Variations and Applications
Partial Shuffle (Selecting k Random Elements)
Often you only need k random elements from n. Stop early:
def partial_shuffle(arr, k):
"""Return k random elements from arr."""
arr = arr.copy()
k = min(k, len(arr))
for i in range(len(arr) - 1, len(arr) - k - 1, -1):
j = random.randint(0, i)
arr[i], arr[j] = arr[j], arr[i]
return arr[-k:]
# Get 3 random elements from a deck
random_cards = partial_shuffle(list(range(52)), 3)

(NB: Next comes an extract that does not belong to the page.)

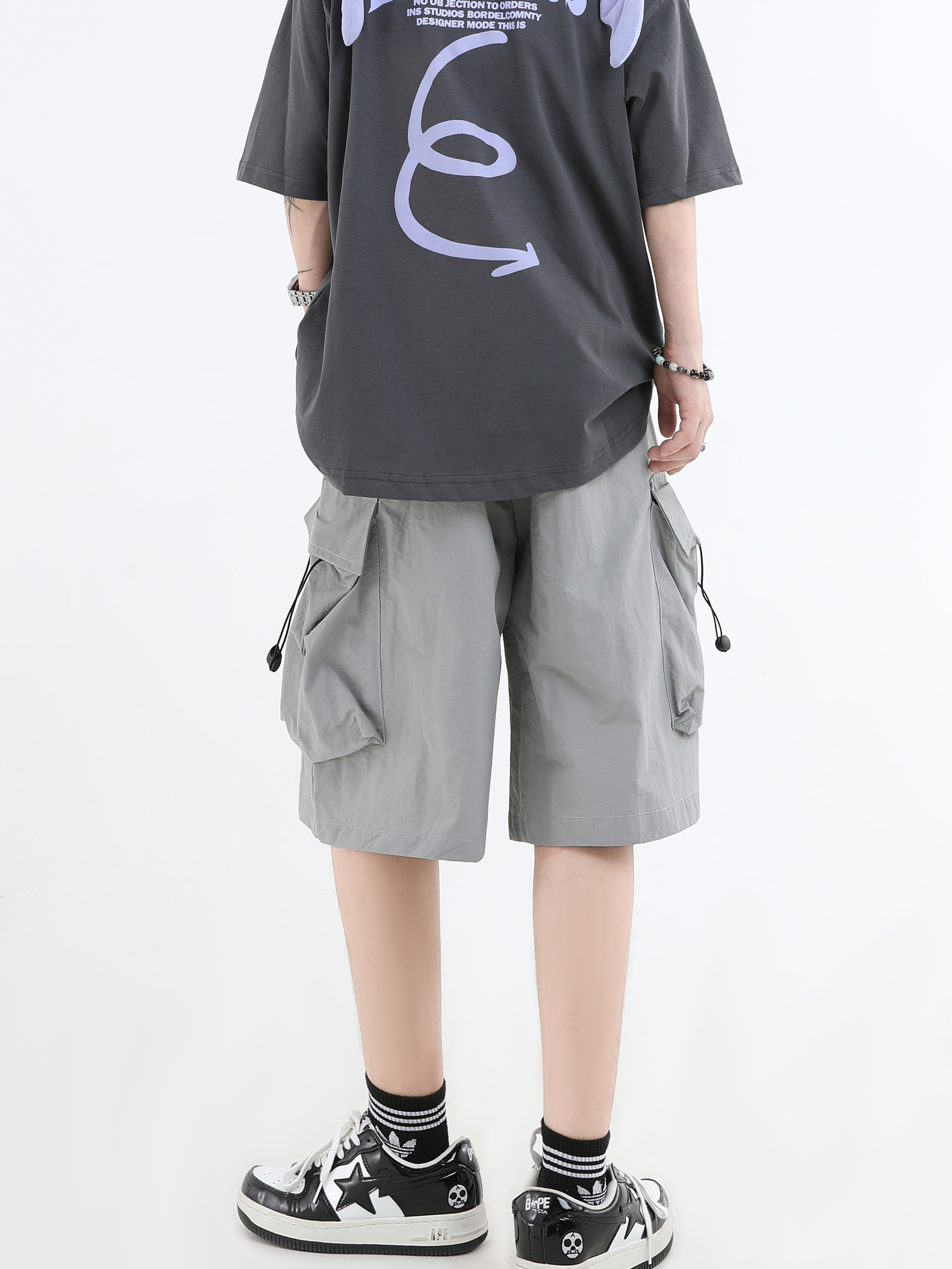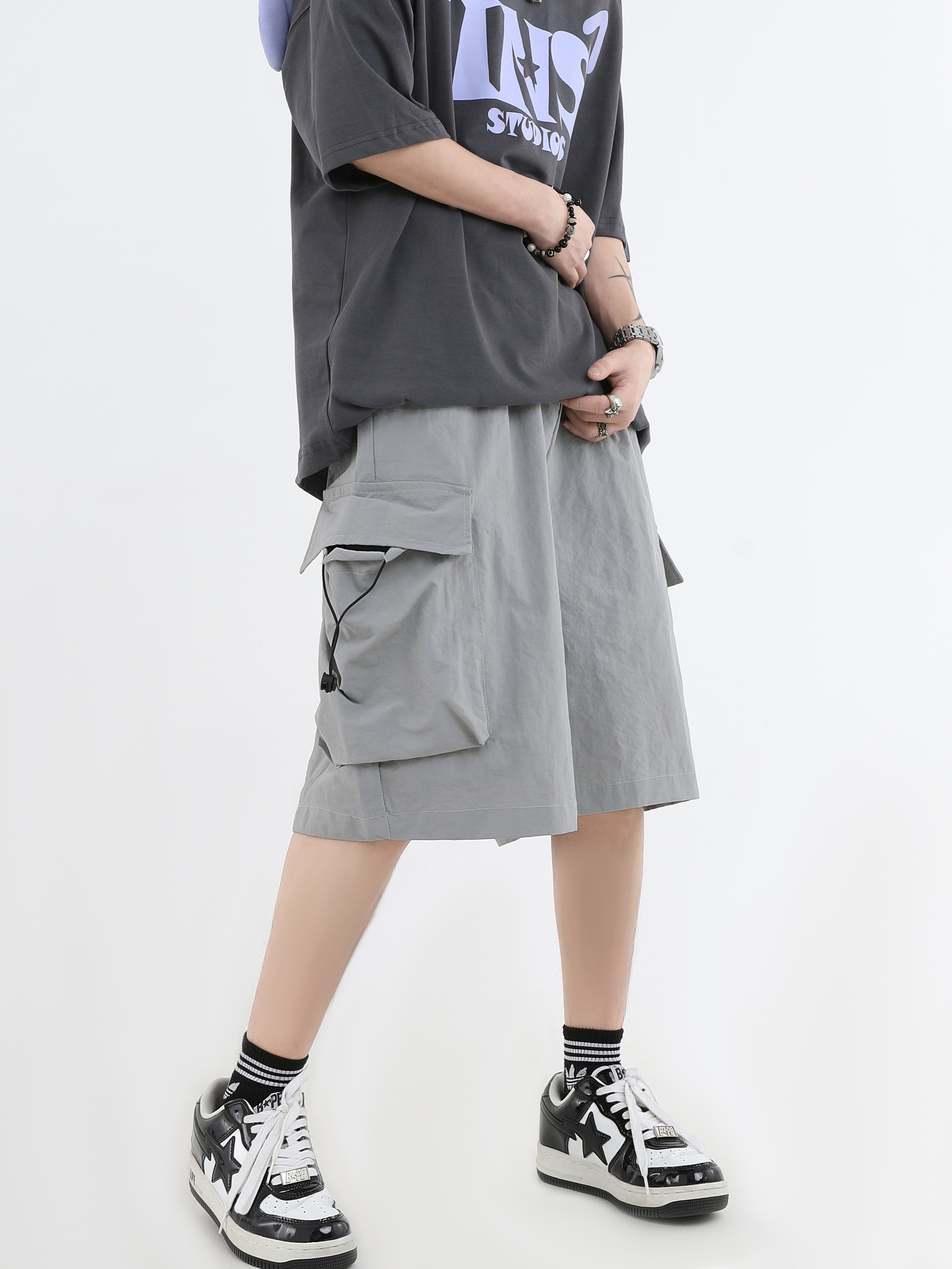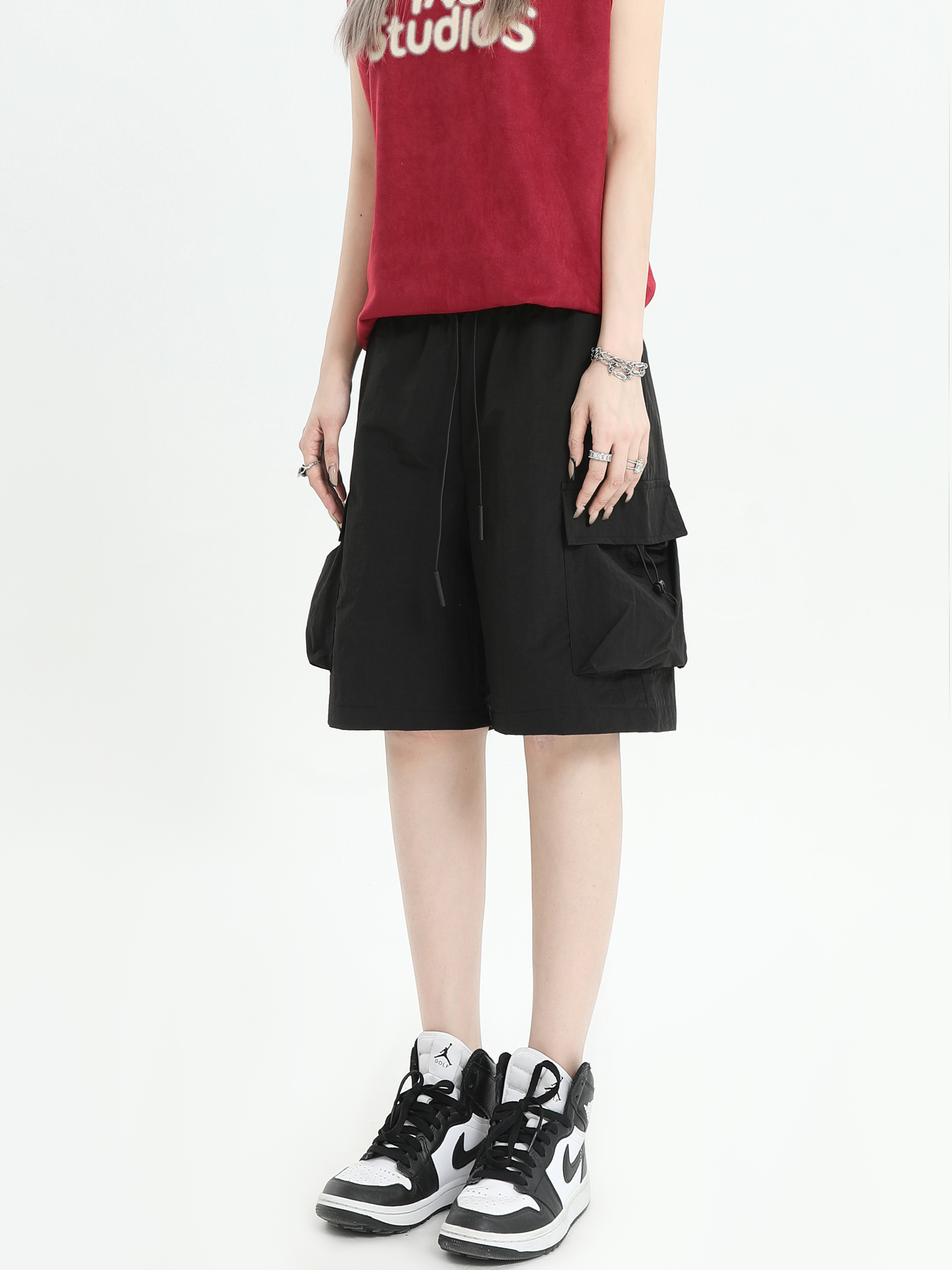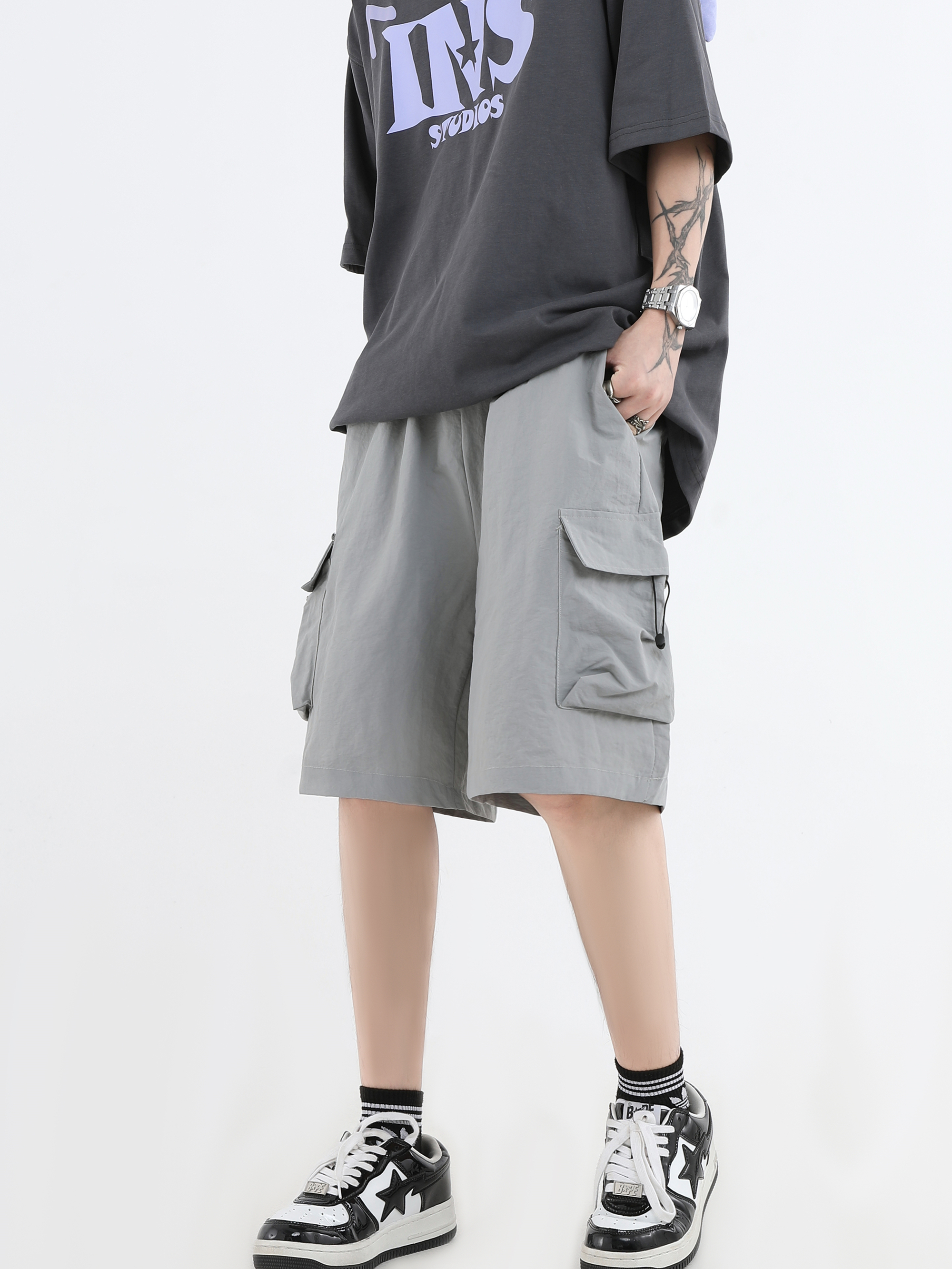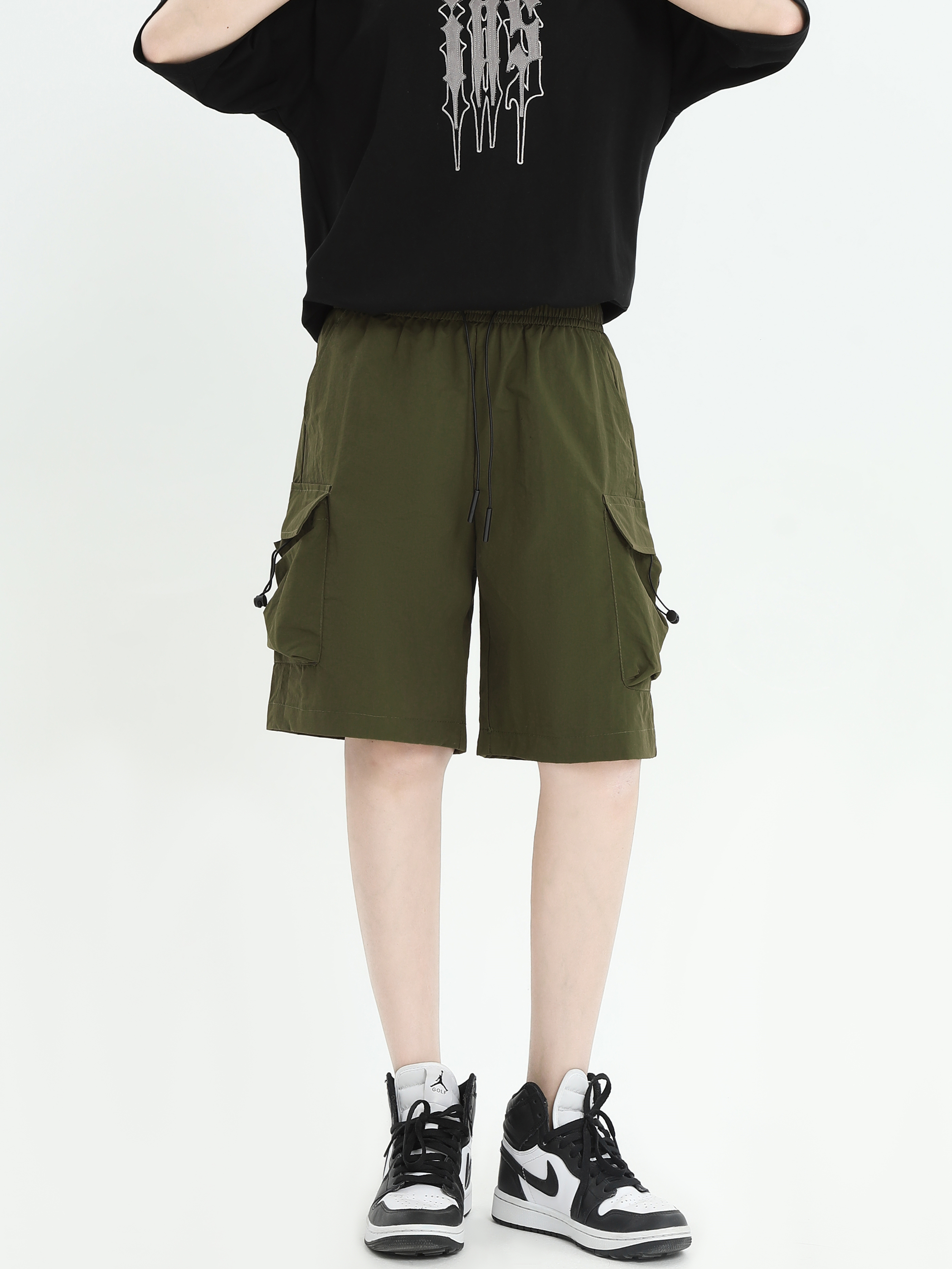 INSstudios 國潮牌情侶美式抽繩褶皺工裝短褲寬鬆直筒休閒五分褲

This runs in O(k) time instead of O(n).
Inside-Out Variant
When you need a shuffled copy without modifying the original, the inside-out variant builds the result incrementally:
def inside_out_shuffle(source):
"""Create a shuffled copy using inside-out Fisher-Yates."""
result = []
for i, item in enumerate(source):
j = random.randint(0, i)
if j == len(result):
result.append(item)
else:
result.append(result[j])
result[j] = item
return result
This is particularly useful for shuffling streams where you don’t know the total size upfront—it’s the foundation of reservoir sampling algorithms.
When to Use Built-in vs Roll Your Own
Most languages provide correct shuffle implementations:
- Python:
random.shuffle()uses Fisher-Yates - JavaScript: No built-in, but
array.sort(() => Math.random() - 0.5)is WRONG - Java:
Collections.shuffle()uses Fisher-Yates - C++:
std::shuffle()with a proper random engine
Use the built-in when available. Roll your own only when:
- You need partial shuffles and want O(k) instead of O(n)
- You’re working in an environment without standard libraries
- You need cryptographically secure shuffling with specific RNG requirements
- You’re implementing reservoir sampling or streaming algorithms
Always test shuffle implementations statistically before deploying them in production. The chi-squared test against expected uniform distribution catches most bias issues with sufficient sample sizes.
The Fisher-Yates shuffle is one of those algorithms every developer should understand. It’s simple, elegant, and solves a problem that’s deceptively easy to get wrong.